15:00 to pivot to distributed version control systems of which 'Git' is one of them, where we have a separation between the 'Commit' stage and the 'Publish' stage. And that isn't the official terms that 'Git' or any of the rest of them use. But there's a process of marking those safe points. And then there's a process of collecting all of the safe points and publishing them to others. And that takes a bit of a mind shift to get used to it as well when you're working on it. Because if you come from one of these other systems I committed so it saved, right, but 'Commit' in a distributed source control system means it's, it's a local safe point until you get 'push', or whatever either a materials equivalent of a 'git push'es, right, yeah, and hg push. And so it's exactly that it's marking save points, however frequently you want. And then combining those safe points together into a cohesive story to 'Publish' to your colleagues. And that's what makes 'Distributed Version Control'. So powerful is separating those two concepts. 'Mercurial', git, 'Perforce', there are other distributed version control systems. And as the world was moving from 'Subversion', and 'TFS', into this Distributed world, we experimented with each of them, you know, arguably, 'Git' wasn't the best, we might have done a 'VHS' and 'Betamax' type of thing. But clearly, 'Git' has become the 'de facto' standard version control system, it is distributed. And now we can separate the safe points from the Publish points.
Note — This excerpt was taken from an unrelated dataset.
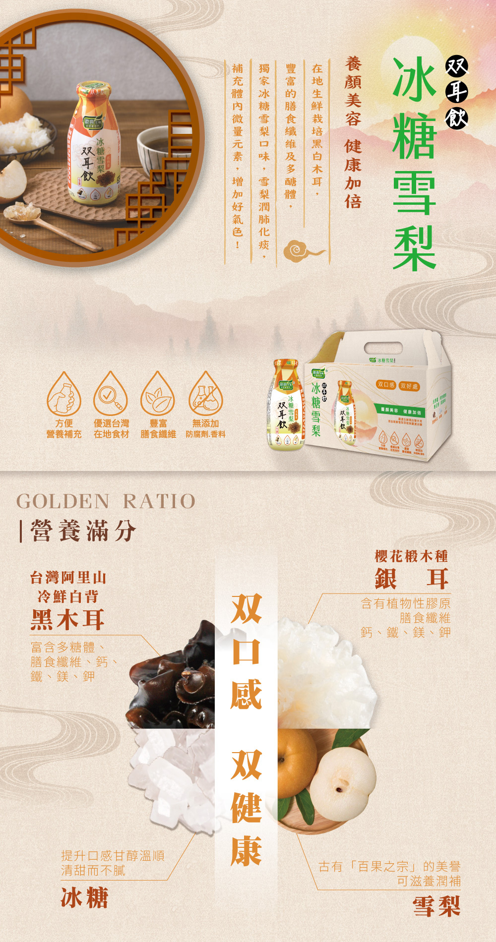 產品規格:黑糖仙草双耳飲290ml秋月獻禮(8瓶入/盒);冰糖雪梨双耳飲290ml秋月獻禮(8瓶入/盒)
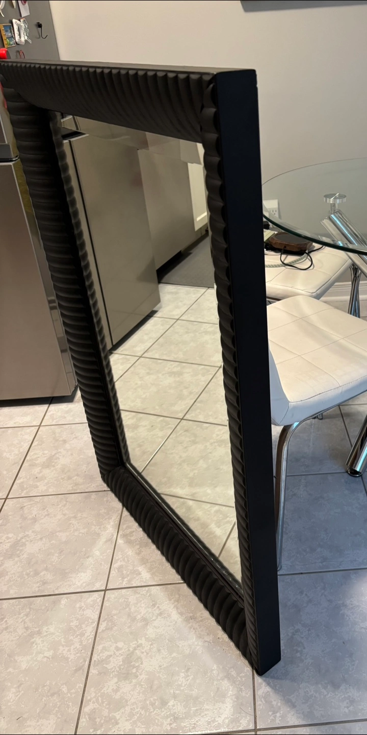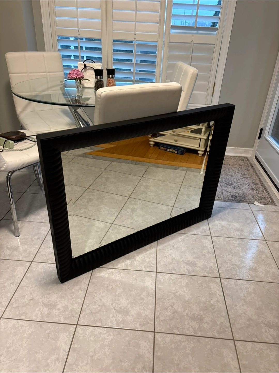 Black framed, large mirror, Great condition. Great for hallway or bathroom. Thick fashionable frame.

16:32 Talk Python To me is partially supported by our training courses at talk Python. And we run a bunch of web apps and web API's, these power of the training courses, as well as the mobile apps on iOS and Android. If I had to build these from scratch again, today, there's no doubt which framework I would use. It's 'FastAPI'. To me 'FastAPI' is the embodiment of modern Python and modern API's. You have beautiful usage of type 'Annotations', you have 'Model binding' and 'Validation' with pedantic and you have first class 'Async', and 'Await' support. If you're building or rebuilding a web app, you owe it to yourself to check out our course 'Modern API's with FastAPI' over at 'Talk Python Training'. It'll take you from curious to production with 'FastAPI'. To learn more and get started today, just visit talk python.fm/fastapi or email us at sales@talkpython.fm.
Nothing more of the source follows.